It worked just fine until yesterday's reboot.
Thanks,
Rich
--
Richard B. Shepard, Ph.D. | Integrity Credibility
Applied Ecosystem Services, Inc. | Innovation
<http://www.appl-ecosys.com> Voice: 503-667-4517 Fax: 503-667-8863
Rich Shepard <rshepard@appl-ecosys.com> writes:
On Tue, 22 Jul 2008, Tom Lane wrote:
The "invalid data" bit is interesting though. It looks like pg_ctl would
produce that error if the pidfile exists but is empty when it looks. This
seems like a race condition hazard, though the odds of hitting it are
tiny. What's in the file exactly?
I deleted the .pid, but still could not get the postmaster running. Then I
'touched' the name so I had an empty file. Made no difference. While pg_ctl
tells me the server is starting, there is no /tmp/.s.PGSQL*, no pidfile, and
no postmaster process.
Sounds to me like the postmaster tries to start and fails. Look into
the postmaster log. (If the log is going to /dev/null, send it
someplace else...)
regards, tom lane
On 23/07/2008, Rich Shepard <rshepard@appl-ecosys.com> wrote:
Andrej,
Hi Rich,
Unless others consider this topic to be not appropriate for the list, I
don't mind a public conversation. I thought that I attached the script to
my original message; regardless, here's the attribution:
You did - my bad. I usually ignore attachments on mailing-lists,
and did so with yours.
I upgraded postgres manually, not creating and using a Slackware package.
It worked just fine until yesterday's reboot.
Now there's an interesting piece of information :) How long
ago did you upgrade it?
From which version of pg to which version did you upgrade,
and how did you go about it? Chances are indeed that the
postmasters logfile (/var/log/postgres) may hold crucial
information as Tom suggested.
Thanks,
Rich
Cheers,
Andrej
--
Please don't top post, and don't use HTML e-Mail :} Make your quotes concise.
On Wed, 23 Jul 2008, Andrej Ricnik-Bay wrote:
Now there's an interesting piece of information :) How long
ago did you upgrade it?
Andrej,
A month ago; June 17th to be exact.
From which version of pg to which version did you upgrade,
From 8.1.13 to 8.3.3.
and how did you go about it? Chances are indeed that the postmasters
logfile (/var/log/postgres) may hold crucial information as Tom suggested.
Well, after digging myself into a hole, I received help here and climbed
out. It was working last week (when I made some entries into my accounting
system and viewed the local version of our web site). However, ...
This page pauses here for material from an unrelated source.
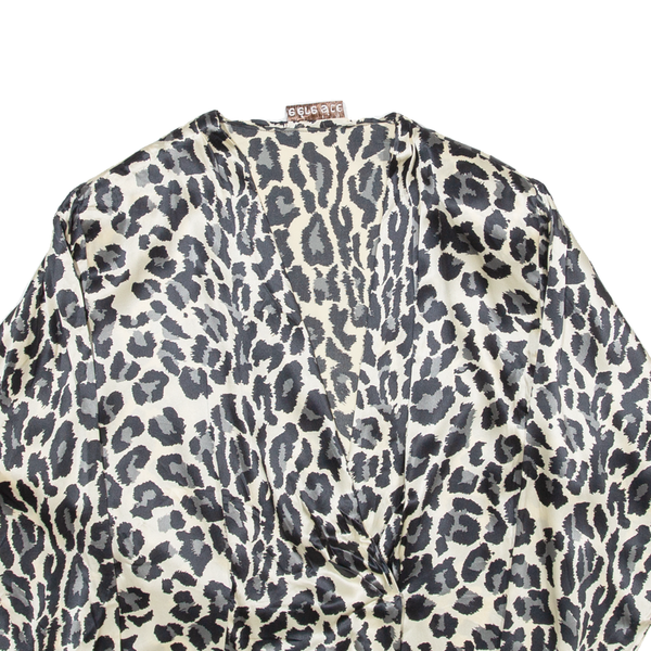 HELENE SIDEL Womens Wrap Blouse Beige V-Neck Long Sleeve Crazy Pattern M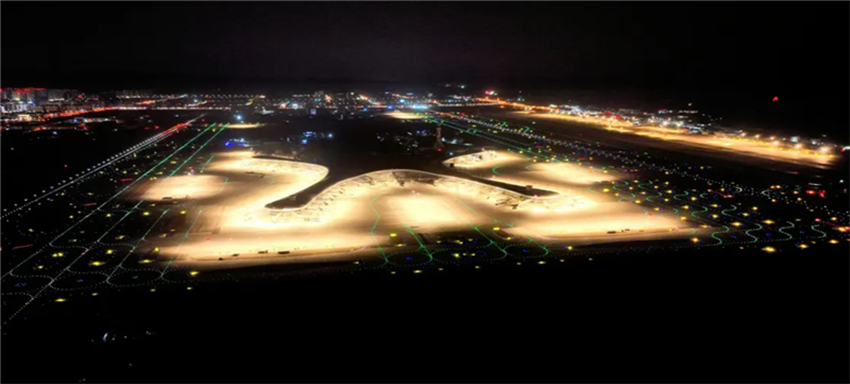 (兰州中川国际机场三期扩建工程飞行区亮灯实拍图)

... something broke during the reboot. From /var/log/postgresql:
FATAL: database files are incompatible with server
DETAIL: The database cluster was initialized with PG_CONTROL_VERSION 812,
but the server was compiled with PG_CONTROL_VERSION 833.
HINT: It looks like you need to initdb.
I still have the old pgsql (8.1.13) still in a non-standard directory. I
had run initdb after cleaning up the upgrade. Should I do so again?
Thanks,
Rich
--
Richard B. Shepard, Ph.D. | Integrity Credibility
Applied Ecosystem Services, Inc. | Innovation
<http://www.appl-ecosys.com> Voice: 503-667-4517 Fax: 503-667-8863
On Tue, 2008-07-22 at 18:05 -0700, Rich Shepard wrote:
On Wed, 23 Jul 2008, Andrej Ricnik-Bay wrote:
Now there's an interesting piece of information :) How long
ago did you upgrade it?
... something broke during the reboot. From /var/log/postgresql:
FATAL: database files are incompatible with server
DETAIL: The database cluster was initialized with PG_CONTROL_VERSION 812,
but the server was compiled with PG_CONTROL_VERSION 833.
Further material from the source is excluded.